The machine is filling and running but the drain step is being blocked or skipped. The usual reasons are a clogged debris filter or pump, a kinked drain hose, or a failed lid switch on a top-loader. Start by checking the hose and filter once the washer is unplugged.
Can I drain a washer full of water myself?
Yes. Unplug the machine, lay down towels, and slowly open the debris filter on a front-loader or lower the drain hose into a bucket on a top-loader to release the water gradually. Expect more water than you think, so keep a shallow tray handy.
Is a washer that will not drain worth repairing?
In most cases, yes. The common causes are a blocked or worn pump, a hose issue, or a faulty switch, and these are far cheaper to fix than the cost of a new machine. A technician can confirm the fault before any part is ordered.
How long does a washer drain repair take?
A straightforward pump clean or hose fix is often done within the same visit. A pump or switch replacement depends on parts availability, but many common models are stocked and repaired the same day.
What does the nd or OE code on my washer mean?
Both are drainage codes. Samsung uses nd (no drain) and LG uses OE (outlet error). They tell you the machine attempted to drain and failed, usually because of the filter, pump, or hose.
Why is my front-load washer door locked with water inside?

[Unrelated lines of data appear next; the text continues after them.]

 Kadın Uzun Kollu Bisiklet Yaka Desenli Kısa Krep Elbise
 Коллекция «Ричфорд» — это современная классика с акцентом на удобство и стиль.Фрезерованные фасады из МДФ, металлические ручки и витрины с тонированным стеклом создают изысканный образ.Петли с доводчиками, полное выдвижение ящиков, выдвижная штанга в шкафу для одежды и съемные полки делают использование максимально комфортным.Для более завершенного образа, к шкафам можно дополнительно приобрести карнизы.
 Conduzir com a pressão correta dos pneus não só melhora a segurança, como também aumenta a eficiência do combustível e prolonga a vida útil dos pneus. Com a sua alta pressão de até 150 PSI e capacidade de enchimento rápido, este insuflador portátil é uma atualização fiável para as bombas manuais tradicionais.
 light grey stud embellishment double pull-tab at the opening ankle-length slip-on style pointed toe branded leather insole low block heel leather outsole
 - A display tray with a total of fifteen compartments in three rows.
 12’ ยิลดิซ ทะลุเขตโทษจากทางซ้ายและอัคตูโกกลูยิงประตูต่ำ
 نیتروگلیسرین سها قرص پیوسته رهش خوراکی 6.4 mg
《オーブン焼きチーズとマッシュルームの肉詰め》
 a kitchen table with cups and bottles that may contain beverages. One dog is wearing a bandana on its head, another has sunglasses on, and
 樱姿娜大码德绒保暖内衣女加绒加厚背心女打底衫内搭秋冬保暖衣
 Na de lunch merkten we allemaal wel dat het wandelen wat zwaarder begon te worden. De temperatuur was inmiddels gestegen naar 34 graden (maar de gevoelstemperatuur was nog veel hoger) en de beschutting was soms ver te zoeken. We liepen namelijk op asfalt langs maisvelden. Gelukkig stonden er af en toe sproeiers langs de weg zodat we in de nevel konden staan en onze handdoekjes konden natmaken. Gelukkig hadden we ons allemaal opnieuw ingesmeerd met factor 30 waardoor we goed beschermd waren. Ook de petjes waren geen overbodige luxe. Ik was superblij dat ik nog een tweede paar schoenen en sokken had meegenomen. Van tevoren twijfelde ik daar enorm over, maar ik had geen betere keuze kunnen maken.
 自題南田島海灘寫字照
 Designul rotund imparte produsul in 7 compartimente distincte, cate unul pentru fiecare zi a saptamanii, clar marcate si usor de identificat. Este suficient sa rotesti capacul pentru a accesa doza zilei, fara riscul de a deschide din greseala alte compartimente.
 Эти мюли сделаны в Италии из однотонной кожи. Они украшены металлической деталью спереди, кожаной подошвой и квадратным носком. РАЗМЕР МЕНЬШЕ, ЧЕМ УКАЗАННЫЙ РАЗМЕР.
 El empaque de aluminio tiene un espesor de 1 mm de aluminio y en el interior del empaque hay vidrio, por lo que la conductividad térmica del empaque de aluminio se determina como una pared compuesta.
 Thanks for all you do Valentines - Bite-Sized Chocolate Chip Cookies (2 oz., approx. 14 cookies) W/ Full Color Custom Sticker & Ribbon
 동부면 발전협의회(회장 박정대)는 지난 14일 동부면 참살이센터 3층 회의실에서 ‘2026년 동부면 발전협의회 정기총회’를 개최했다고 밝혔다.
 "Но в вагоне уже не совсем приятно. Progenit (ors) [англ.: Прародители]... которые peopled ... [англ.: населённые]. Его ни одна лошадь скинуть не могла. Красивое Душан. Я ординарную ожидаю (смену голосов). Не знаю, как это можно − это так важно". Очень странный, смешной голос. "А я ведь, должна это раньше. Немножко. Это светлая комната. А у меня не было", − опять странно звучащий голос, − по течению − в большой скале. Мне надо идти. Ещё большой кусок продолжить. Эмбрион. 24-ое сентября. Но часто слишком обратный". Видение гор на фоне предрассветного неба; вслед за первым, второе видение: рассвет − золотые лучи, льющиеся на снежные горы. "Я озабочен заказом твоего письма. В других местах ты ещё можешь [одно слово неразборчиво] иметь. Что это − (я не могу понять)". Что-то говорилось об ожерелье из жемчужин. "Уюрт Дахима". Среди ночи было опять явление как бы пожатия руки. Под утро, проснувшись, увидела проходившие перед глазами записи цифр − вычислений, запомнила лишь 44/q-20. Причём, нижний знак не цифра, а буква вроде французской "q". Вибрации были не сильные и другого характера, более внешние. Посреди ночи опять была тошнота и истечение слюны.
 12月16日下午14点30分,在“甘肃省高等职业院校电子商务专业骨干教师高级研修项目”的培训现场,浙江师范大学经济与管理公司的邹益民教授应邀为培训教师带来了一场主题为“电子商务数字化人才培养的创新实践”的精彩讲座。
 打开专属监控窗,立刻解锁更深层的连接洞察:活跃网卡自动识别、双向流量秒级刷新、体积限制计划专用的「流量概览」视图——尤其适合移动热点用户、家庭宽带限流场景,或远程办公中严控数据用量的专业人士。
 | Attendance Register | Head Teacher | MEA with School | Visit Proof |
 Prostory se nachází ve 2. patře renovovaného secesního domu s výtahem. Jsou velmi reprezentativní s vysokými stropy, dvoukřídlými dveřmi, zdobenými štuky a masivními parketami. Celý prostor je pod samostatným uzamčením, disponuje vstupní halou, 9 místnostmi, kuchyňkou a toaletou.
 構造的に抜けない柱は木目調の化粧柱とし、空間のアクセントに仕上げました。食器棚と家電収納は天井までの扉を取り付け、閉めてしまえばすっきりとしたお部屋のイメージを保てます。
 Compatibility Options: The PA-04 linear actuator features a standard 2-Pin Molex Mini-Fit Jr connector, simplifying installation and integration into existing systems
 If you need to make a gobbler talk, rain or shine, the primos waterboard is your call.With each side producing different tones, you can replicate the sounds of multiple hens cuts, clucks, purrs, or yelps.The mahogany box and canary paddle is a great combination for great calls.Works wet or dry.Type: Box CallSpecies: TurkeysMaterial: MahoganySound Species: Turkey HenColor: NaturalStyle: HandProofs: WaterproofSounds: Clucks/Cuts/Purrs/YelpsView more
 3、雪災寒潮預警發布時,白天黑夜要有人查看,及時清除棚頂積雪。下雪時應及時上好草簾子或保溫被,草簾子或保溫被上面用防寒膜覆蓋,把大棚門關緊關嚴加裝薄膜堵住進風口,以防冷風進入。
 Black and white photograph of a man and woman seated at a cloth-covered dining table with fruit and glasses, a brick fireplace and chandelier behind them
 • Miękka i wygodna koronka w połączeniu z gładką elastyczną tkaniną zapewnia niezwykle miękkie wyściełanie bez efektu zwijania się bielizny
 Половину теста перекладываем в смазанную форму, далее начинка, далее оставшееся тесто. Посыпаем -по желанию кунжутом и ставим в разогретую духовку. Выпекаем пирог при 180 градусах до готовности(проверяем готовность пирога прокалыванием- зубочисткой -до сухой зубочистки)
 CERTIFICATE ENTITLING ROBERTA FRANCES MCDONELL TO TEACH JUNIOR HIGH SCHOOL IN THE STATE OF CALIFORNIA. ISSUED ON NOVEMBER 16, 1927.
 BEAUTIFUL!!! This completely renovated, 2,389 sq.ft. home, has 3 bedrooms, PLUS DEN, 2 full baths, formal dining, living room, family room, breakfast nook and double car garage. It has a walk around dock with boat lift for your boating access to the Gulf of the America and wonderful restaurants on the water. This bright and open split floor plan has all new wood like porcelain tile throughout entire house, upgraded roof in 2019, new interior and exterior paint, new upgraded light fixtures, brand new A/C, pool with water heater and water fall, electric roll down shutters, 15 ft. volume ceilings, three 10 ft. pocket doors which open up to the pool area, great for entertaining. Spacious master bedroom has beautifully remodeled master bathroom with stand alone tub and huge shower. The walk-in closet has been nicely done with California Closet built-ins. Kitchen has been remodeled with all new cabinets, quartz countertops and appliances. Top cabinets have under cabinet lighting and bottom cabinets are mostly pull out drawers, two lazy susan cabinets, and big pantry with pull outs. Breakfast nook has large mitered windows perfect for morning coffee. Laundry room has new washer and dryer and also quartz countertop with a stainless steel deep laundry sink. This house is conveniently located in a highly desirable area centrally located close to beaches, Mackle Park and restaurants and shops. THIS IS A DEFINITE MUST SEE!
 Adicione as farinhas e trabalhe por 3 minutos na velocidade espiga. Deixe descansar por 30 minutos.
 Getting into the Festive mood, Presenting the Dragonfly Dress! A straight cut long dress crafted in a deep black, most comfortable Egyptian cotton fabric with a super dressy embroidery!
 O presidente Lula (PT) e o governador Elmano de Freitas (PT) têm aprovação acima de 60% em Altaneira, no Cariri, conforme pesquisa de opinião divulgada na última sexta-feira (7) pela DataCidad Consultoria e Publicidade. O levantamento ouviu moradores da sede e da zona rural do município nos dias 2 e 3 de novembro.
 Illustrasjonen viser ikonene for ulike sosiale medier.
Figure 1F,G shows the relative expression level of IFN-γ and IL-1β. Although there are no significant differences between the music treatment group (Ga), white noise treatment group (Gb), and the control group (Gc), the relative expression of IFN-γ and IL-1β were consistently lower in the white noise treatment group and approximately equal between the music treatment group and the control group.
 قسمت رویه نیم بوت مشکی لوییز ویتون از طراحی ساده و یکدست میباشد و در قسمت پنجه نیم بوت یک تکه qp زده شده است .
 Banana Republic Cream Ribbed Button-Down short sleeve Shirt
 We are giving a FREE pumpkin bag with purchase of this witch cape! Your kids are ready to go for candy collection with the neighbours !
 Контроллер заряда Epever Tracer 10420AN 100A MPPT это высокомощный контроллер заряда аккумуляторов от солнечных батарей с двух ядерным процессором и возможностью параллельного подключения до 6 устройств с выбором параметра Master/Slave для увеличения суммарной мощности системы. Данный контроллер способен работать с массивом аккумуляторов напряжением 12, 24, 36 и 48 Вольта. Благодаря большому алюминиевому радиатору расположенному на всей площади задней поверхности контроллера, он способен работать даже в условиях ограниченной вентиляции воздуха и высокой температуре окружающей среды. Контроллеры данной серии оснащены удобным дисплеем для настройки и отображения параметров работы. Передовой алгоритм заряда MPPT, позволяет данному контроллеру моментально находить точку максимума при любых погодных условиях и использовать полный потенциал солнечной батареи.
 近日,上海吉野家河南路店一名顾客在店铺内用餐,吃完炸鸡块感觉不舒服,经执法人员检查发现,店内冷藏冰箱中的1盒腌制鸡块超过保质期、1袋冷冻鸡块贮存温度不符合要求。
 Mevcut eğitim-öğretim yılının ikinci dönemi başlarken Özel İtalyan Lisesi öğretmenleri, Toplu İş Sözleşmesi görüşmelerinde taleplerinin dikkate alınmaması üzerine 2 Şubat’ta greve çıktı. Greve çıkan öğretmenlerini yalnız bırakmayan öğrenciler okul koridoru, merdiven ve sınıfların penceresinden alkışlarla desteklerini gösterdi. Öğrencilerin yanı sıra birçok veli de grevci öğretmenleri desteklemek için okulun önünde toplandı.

The control board keeps the door locked while it detects water in the tub, which is a safety feature. Clearing the drain fault, or in some cases using the manual drain procedure, lets the door release.
Could a small object really stop my washer from draining?
Absolutely. Coins, hair pins, and bra wires are among the most common items we pull out of pumps and filters. A single object lodged in the impeller is enough to stop drainage completely.
Do you repair both top-load and front-load washers?
Yes. We work on top-load and front-load machines across all the major brands, including Samsung, LG, Whirlpool, Maytag, GE, Bosch, Frigidaire, Kenmore, Amana, and KitchenAid.
Do you charge a fee just to come out and look?
There is no service fee when you proceed with the repair. You only pay for the work that fixes the machine.
How soon can someone come to fix my washer in Markham?
For most washer faults we offer same-day service across Markham, and our local team usually calls you back within 5 to 30 minutes of your enquiry.